How does per-request OTLP telemetry differ from aggregate spend reporting?
Per-request OpenTelemetry OTLP records capture individual fields on every inference call: agent identifier, model variant, input tokens, output tokens, cache-hit tokens, upstream latency, and HTTP status. These records accumulate into per-agent spend ledgers that support daily and monthly budget ceilings (the gateway blocks an agent that reaches its ceiling), spend anomaly detection (flag when an agent's cost-per-request is N× its rolling baseline, signaling context accumulation or retry storms), and cross-model cost benchmarking. Aggregate spend reports cannot support anomaly detection because the signal is in the per-request variance, not the aggregate.
What should the gateway control plane not expose to agent-side networks?
The control plane manages quota configuration, endpoint topology, handle permission scopes, and audit policy. It should be deployed on a private subnet with no external access path. GHSA-53mr-6c8q-9789 (LiteLLM, CVE-2026-35029, patched in v1.83.0) documented insufficient authorization on the management API, allowing any authenticated user to modify proxy configuration. Agent-side networks should only reach the gateway's data plane port — the TLS endpoint that handles individual inference requests. Control plane write access should require a separate authentication path available only to operators, not agent workloads.
How do I calibrate circuit-breaker thresholds for my fleet?
Collect P50, P95, and P99 upstream latency histograms per provider endpoint over two to four weeks of production traffic.

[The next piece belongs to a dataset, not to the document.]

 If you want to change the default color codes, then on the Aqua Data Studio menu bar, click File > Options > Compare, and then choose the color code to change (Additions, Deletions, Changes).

The circuit-breaker open threshold should be set at a P99 value clearly degraded relative to the provider's normal SLA — typically 2–3× the median P99. The failure count threshold (consecutive errors before the circuit opens) should be low enough to catch real degradation quickly (five is a common starting point) but high enough to avoid spurious opens from transient errors. The cooldown period before the half-open probe should exceed the provider's typical recovery time — 30–60 seconds is a reasonable baseline.